Phind 2: AI search with visual answers and multi-step reasoning

Overall reception & positioning

  • Many commenters are impressed; several paying users say Phind now rivals or beats Perplexity, ChatGPT, and mainstream search for programming and some research/finance tasks.
  • Others still find Perplexity or ChatGPT better for certain queries (e.g., product search, playful/creative responses, vague memes).
  • Some feel Phind disappeared from view for a while and needs more visible presence to stay top-of-mind.

Visual answers, diagrams & UX

  • Strong enthusiasm for on‑the‑fly diagrams (via Mermaid), flowcharts, and image-rich explanations; people highlight them as the standout value vs. competitors.
  • Others find diagrams verbose, distracting, or slow to render, especially when they restate a simple question or clutter code answers. They want an easy per-query toggle or a “plain text only” profile that doesn’t require sign-up.
  • UI is widely praised: side-panel sources, rich layout, “article-like” responses, and tree-structured conversations with “zoom into a part of the answer” follow‑ups. Some want denser layouts to see more content at once.
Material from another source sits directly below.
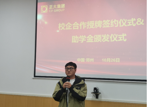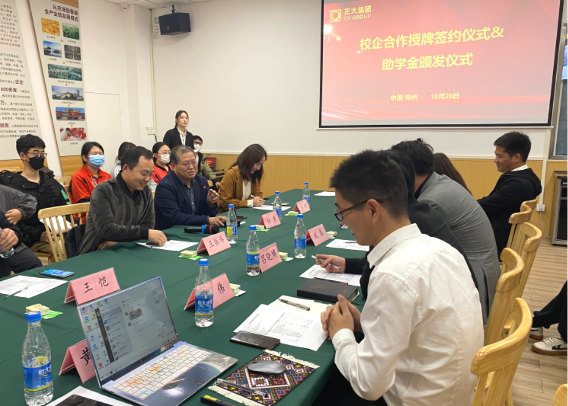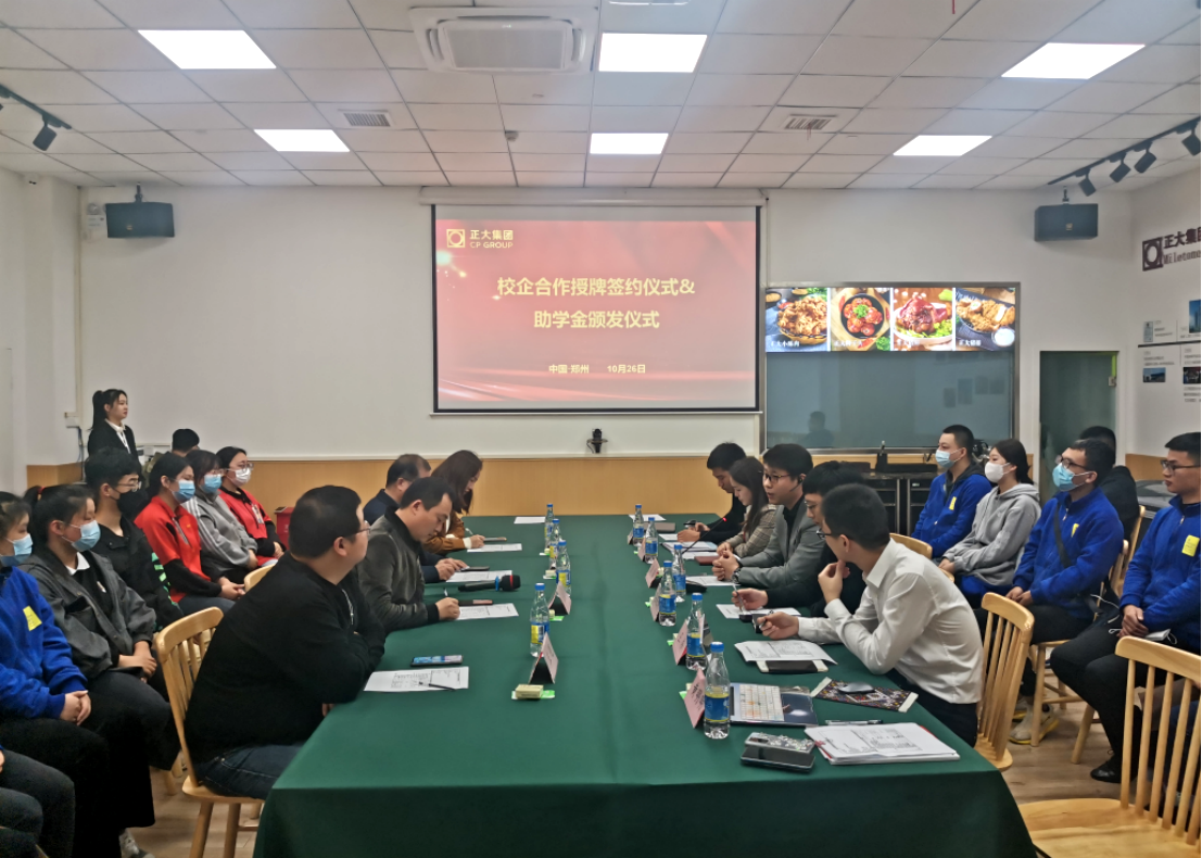 2021年10月26日下午,国产又猛又黄又爽的视频与郑州正大卜蜂贸易有限公司校企合作授牌签约仪式暨助学金颁发仪式在正大卜蜂莲花举行。国产又猛又黄又爽的视频院长孙勇、教务办公室主任王珂,郑州正大卜蜂贸易有限公司总经理武磊、零售事业人力总监郑运东等人,以及目前在正大顶岗实习的我院学生代表出席授牌签约仪式。

Developer & power‑user use cases

  • Heavy use for coding help, SQL query construction, complex API setups, architecture diagrams, LangChain examples, and IDE integration.
  • Some miss the deprecated VS Code extension; others want APIs and broader IDE support (e.g., IntelliJ, Continue plugin).
  • URL ingestion sometimes fails (e.g., resume + job posting), which users expect a “search engine LLM” to handle reliably.

Model behavior, quality & trust

  • Reports of excellent, fast answers on technical topics (tax AMT/LTCG, specific stocks, programming).
  • Other queries show glaring errors: hallucinated economic calendars, wrong claims about GameStop in Canada, confusion over “should I?” vs. cited sources, and weaker handling of internet memes.
  • Several users note models are overly agreeable and not sufficiently grounded in the actual retrieved sources.
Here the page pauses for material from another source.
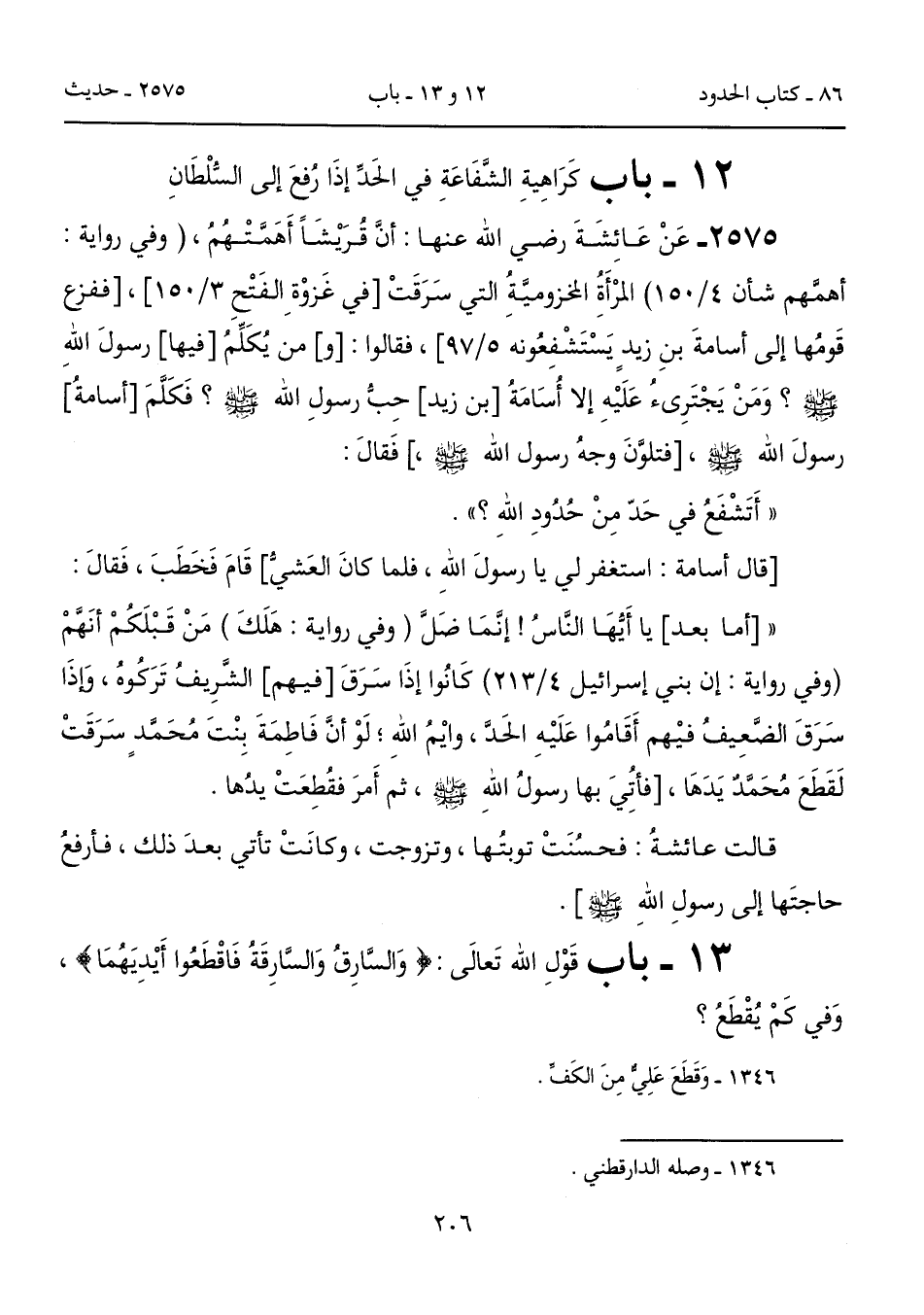 2575 - عَنْ عَائِشَةَ رضي الله عنها: أنَّ قُرَيْشًا أَهَمَّتْهُمُ، (وفي روايةٍ: أهمَّهم شأن 4/ 150) المرْأَةُ المخزوميَّةُ التي سَرَقَتْ [في غَزوْةِ الفَتْحِ 3/ 150]، [ففزع قَومُها إلى أسامةَ بنِ زيدٍ يَسْتَشْفِعُونه 5/ 97]، فقالوا: [و] من يُكَلِّمُ [فيها] رسولَ اللهِ - صلى الله عليه وسلم -؟ وَمَنْ يَجْتَرئُ عَلَيْهِ إلا أُسَامَةُ [بن زيد] حِبُّ رسولِ الله - صلى الله عليه وسلم -؟ فَكَلَّمَ [أسامةُ] رسولَ الله - صلى الله عليه وسلم -، [فتلوَّنَ وجهُ رسول الله - صلى الله عليه وسلم -،] فَقالَ:

Business model, access & privacy

  • Pricing criticized for forcing a $20/month subscription just to try premium models; many request usage-based or short paid trials.
  • Free tier limits and countdown behavior are described as buggy/confusing.
  • Concerns that “new threads are public” by default and that training on user data is opt‑out; some only want anonymous, no-account use.
  • Region-based unavailability frustrates some.
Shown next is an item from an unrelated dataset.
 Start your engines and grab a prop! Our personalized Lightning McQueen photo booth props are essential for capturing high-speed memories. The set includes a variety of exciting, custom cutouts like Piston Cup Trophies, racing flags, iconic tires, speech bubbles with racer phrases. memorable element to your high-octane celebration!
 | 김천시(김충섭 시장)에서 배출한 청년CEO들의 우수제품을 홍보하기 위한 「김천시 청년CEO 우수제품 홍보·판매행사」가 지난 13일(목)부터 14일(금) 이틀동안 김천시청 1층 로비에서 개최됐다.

Web ecosystem, copyright & infrastructure issues

  • Strong debate over Phind displaying third-party images in answers: critics see copyright violation and reduced incentives for creators; suggestions include using only CC-licensed media or revenue-sharing schemes.
  • Defenders compare this to Google Images and invoke fair use, but others note prior lawsuits against image search engines.
  • A serious bug is reported: shared conversation links behave like mutable sessions—anyone can edit the content and it persists for others—creating confusion and potential security/abuse concerns.